Since most politics are a front for economics, the business and commercial backbone of his political alliances was the most important of all. This economic dimension is in fact the missing link in all of Nigeria’s previous and current political alliances, whether those alliances be those formed at the birth of a national party like the PDP or by a merger of several regional parties such as the APC.
Indeed, because economic interest is the natural and ultimate glue of political interest, I would say that this missing link is also the most important reason why Nigeria has tended to be so politically unstable since the 1950s, but not much so before then. When the British left in 1960, the most important thing they took away with them was not the Union Jack, the British flag and symbol of their power, but Nigeria’s economic integration, that is, the fusion of economic and political interests in the same persons at the same place and time.
Without a marriage of political and economic interests in the same persons on a large scale, no one can build a country anywhere or at any time. But with it, you can, even if, on top of Muslims and Christians, you still have Buddhists, Hindus, atheists and whatnot. This is where the historical significance of the entire Third Republic must be understood. An enduring two-party system makes it more likely for the elites in a country to forge both a political and economic union, and therefore to stabilise and forge a national union, even if in the long run.
And it is difficult to understand why the chief architect of the era, General Ibrahim Babangida, would throw the whole thing away on impulse. But most importantly, the echoes of having no large-scale and cross-regional economic partnership to solidify political alliance is still being felt in the fractious politics of the APC today.
Abiola had sought to build both a political and economic bridge between the South West and the north within the Social Democratic Party (SDP), but sadly, neither he nor his most important partner and brain-behind-it-all, the late Shehu Musa Yar’adua lived long enough to walk across it. They both died in the ensuing crude politics of annulment, leaving Presidents Olusegun Obasanjo and Umaru Musa Yar’adua to reap a few years later where they had barely sown.
But the old Awoists in the South West, who had first been suspicious of Abiola’s politics and were late converts to it, for the simple reason that he was never one of them, burned down this nascent bridge in a sustained fit of political tantrum conveniently dubbed ‘pro-democracy struggle’, even long before what remained of Abiola’s unfortunate imprisonment were finally interred in 1998. In consequence, the South West retreated yet again to the familiar ground of regional politics and found emotional solace in blaming everybody else, particularly the much-maligned ‘north’, for their misfortune.

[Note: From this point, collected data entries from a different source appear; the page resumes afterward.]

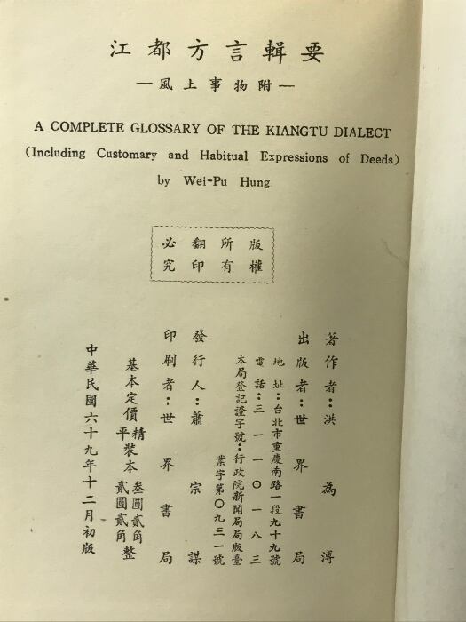 タイトル:【中国書】江都方言輯要 -風土事物附- 出版:世界書局 著:洪為溥 中華民国69年12月初版
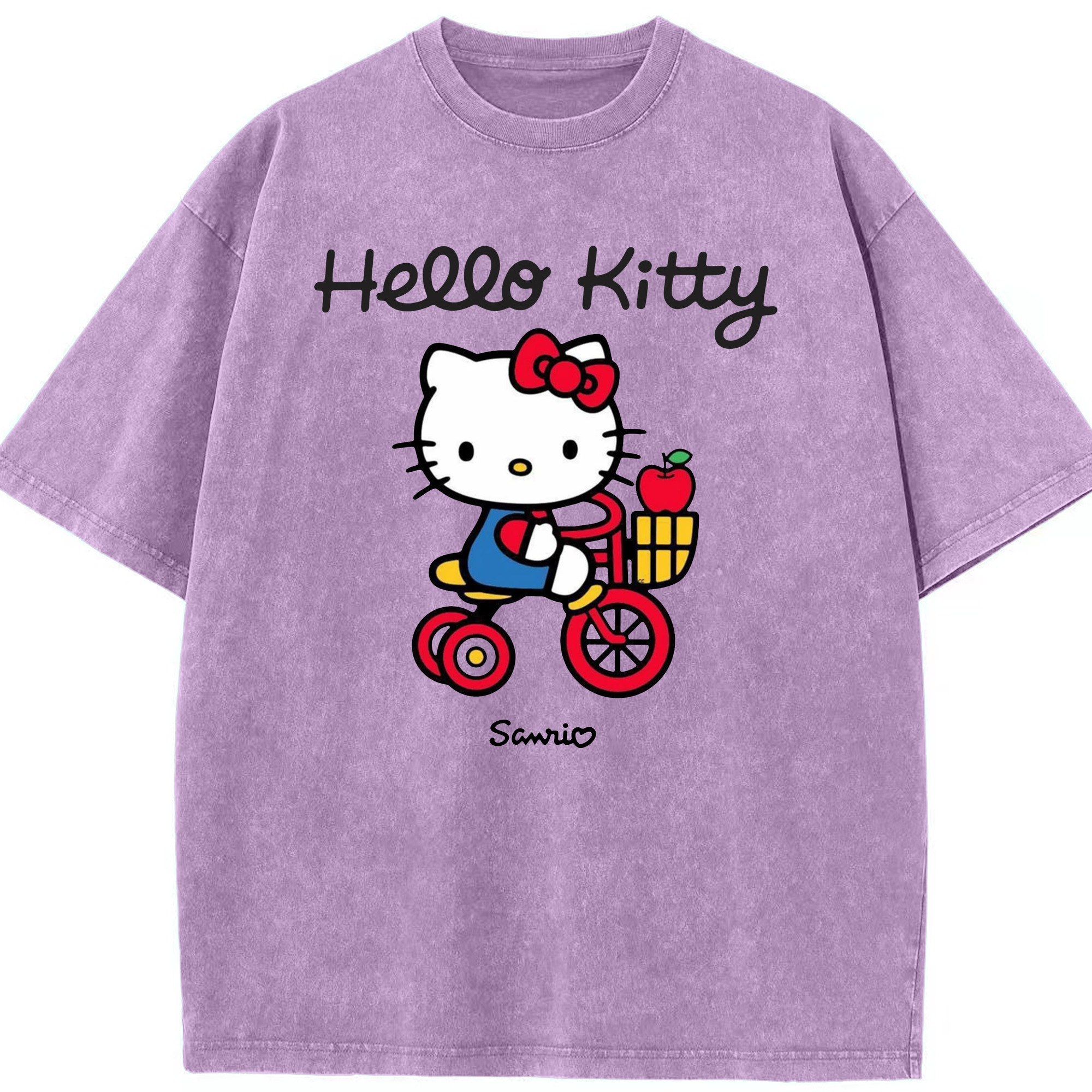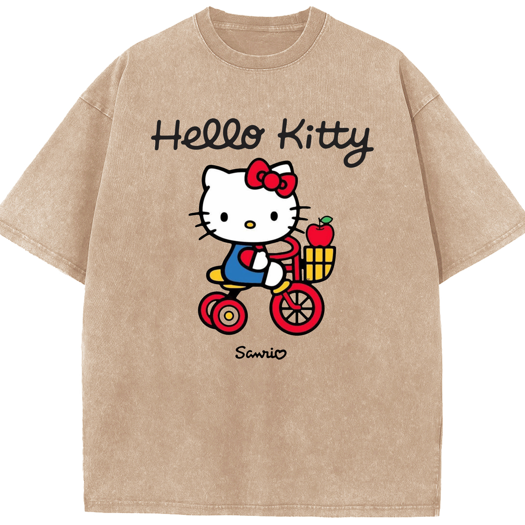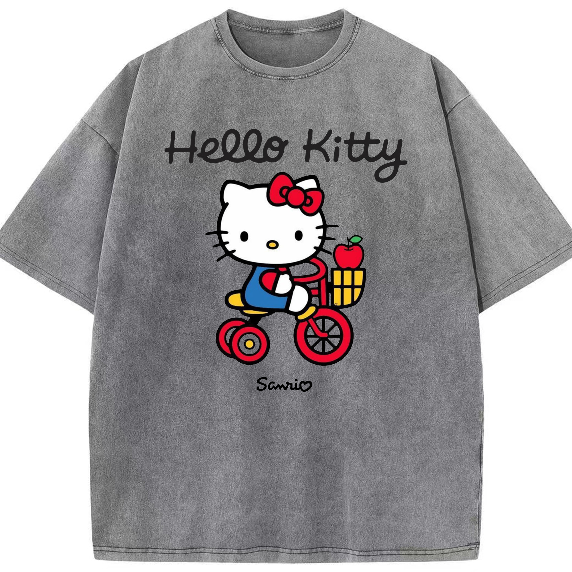 サンリオハローキティ - 綿100% ヴィンテージ風 半袖Tシャツ ・ 背面プリント ・ 柔らか肌触り ・ 通気性 快適 ・ スポーツ カジュアル 外出用
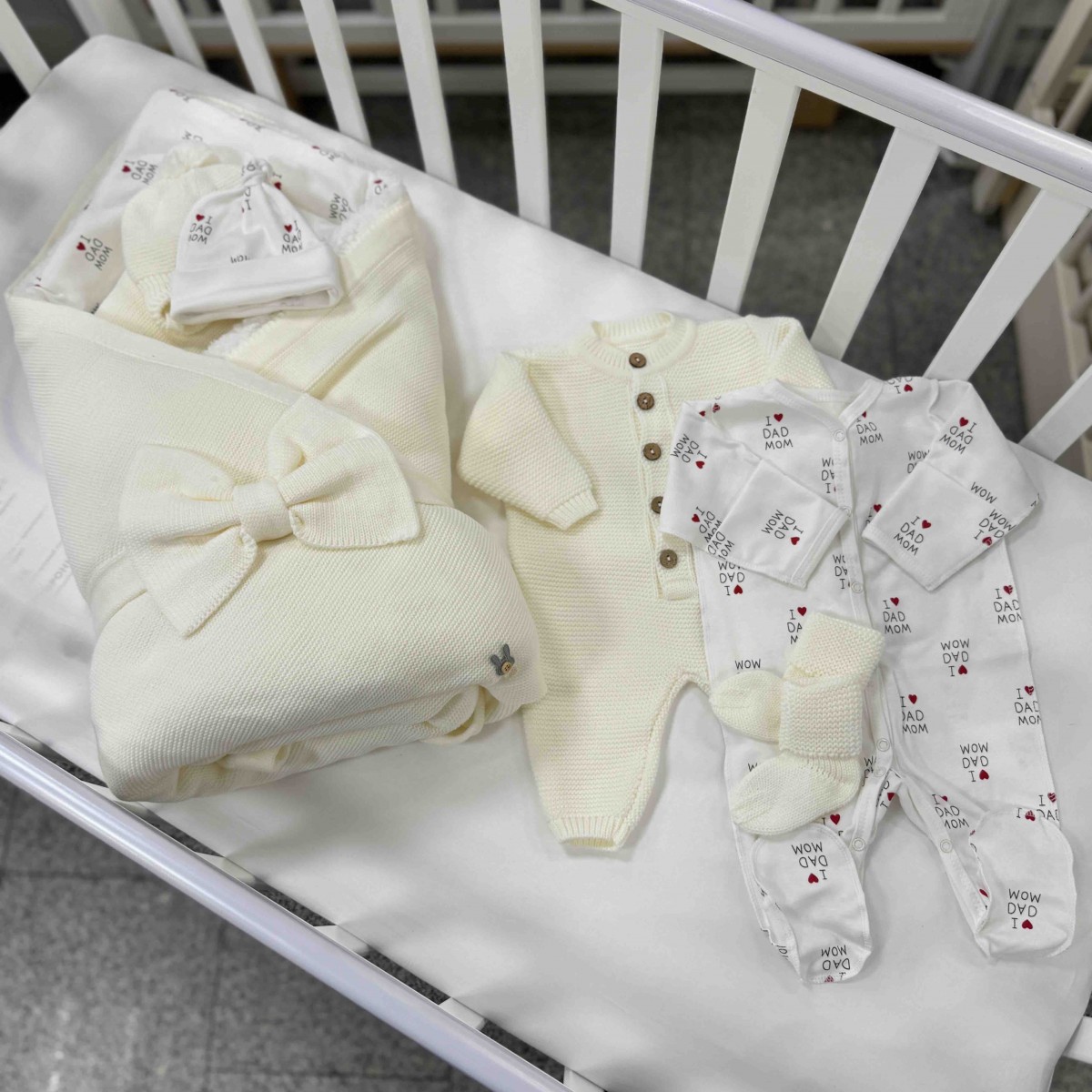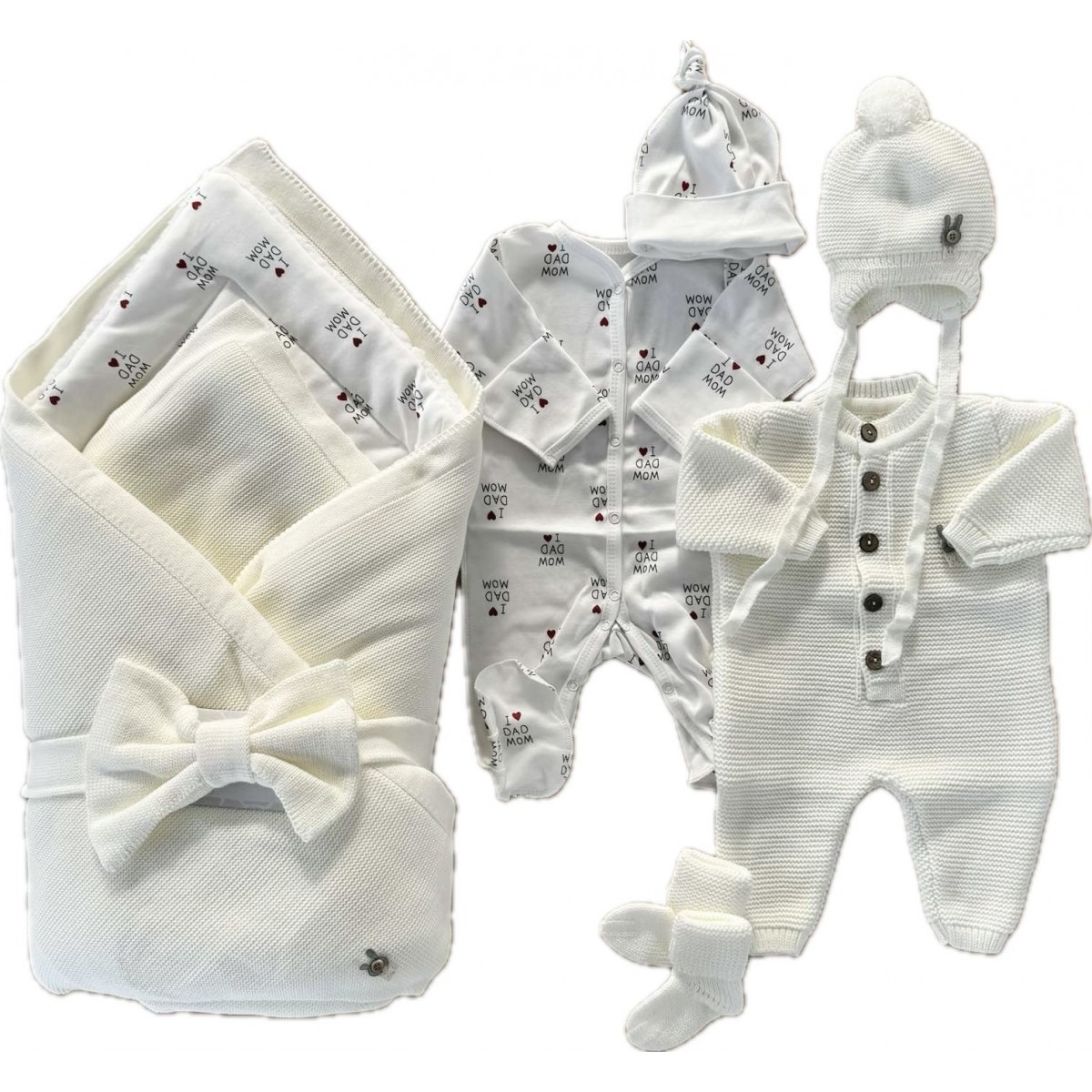 Комплект на выписку из роддома 8 предметов "ALPACA" цвет: молочный / I love mom&dad 0363
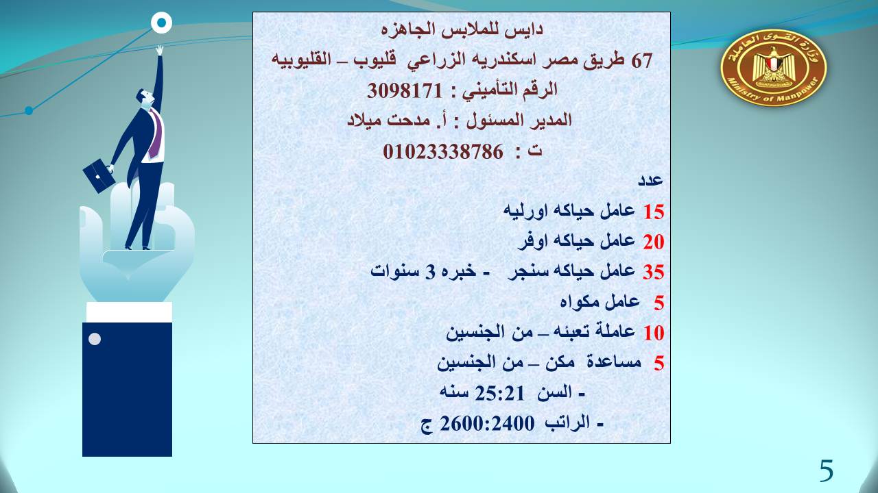 وقالت إيمان السيد مدير المديرية إن الوظائف تتمثل في: 2 مدرس لغة عربية،3 مدرسين لغة إنجليزية،3 مدرسين رياضيات،4 مدرسين حاسب آلى، 3 أطباء طوارئ،2 سكرتارية عيادات،2 فني تعقيم،2 فني اشاعه،5 مساعدين تمريض، 15 عاملا،2 أمين مخازن – خبرة سنتين،25 عامل إنتاج، مشرف انتاج - خبرة سنة،30 عامل مكن خياطة - خبرة سنتان،25 فنى جودة – خبرة 4 سنوات،25 بائعا، 15 عامل حياكه اورليه،20 عامل حياكه اوفر،35 عامل حياكه سنجر - خبره 3 سنوات،5 عاملين مكواه،10 عاملات تعبئه،5 مساعدات مكن، 16 عامل تفصيل ومقصار، 8 سائقين – رخصة أولى، ثانية، ثالثة.
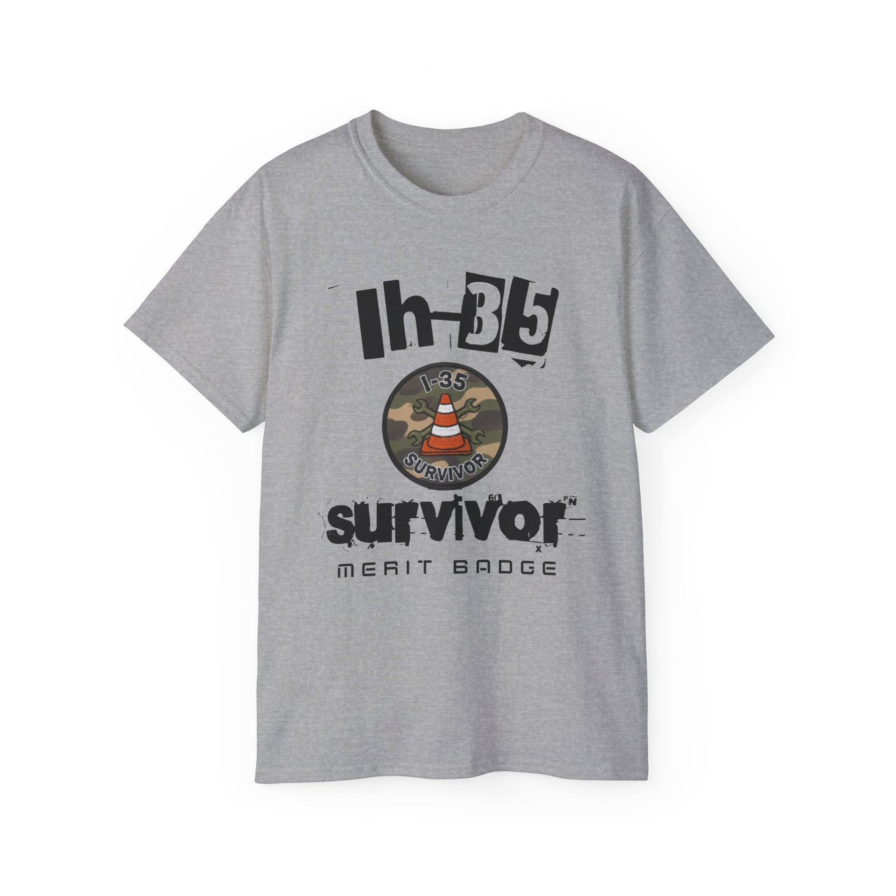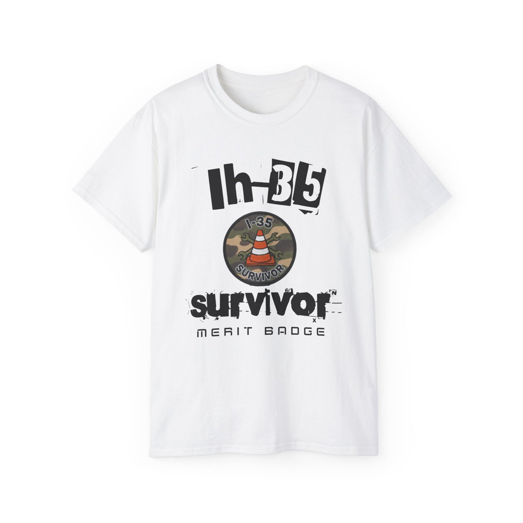 • Unisex fit, comfortable for everyday wear • “I-35 Survivor Merit Badge” camo patch-style design • High-quality print on soft, durable cotton • Great conversation starter for Austinites and Texas travelers • A fun gift for friends, family, or anyone stuck in I-35 traffic

It is true that in the context of Nigeria’s regional politics, the annulment of the 1993 presidential elections dealt a vicious blow to the South West, but it was done by the military as a political institution in its own right, which, haplessly for us all, held all the cards at the time. To have perceived it any other way was to confuse the tree for the forest. Still, by 2011, the limitations of perpetual ‘opposition politics’ in a regional enclave and its inherent conflict with the ambition to also control the political centre of such as huge country when the time is right had become all too glaring.
At least, this was very clear to the region’s current political leader, Chief Bola Ahmed Tinubu, who himself had twice previously led a Yoruba retreat from Nigeria’s national politics. It is in this sense that nearly all of Tinubu’s politics of the past decade, at home and beyond, aim to reconstruct the same bridge that Abiola and his partners tried to build. Will he succeed enough to walk on it?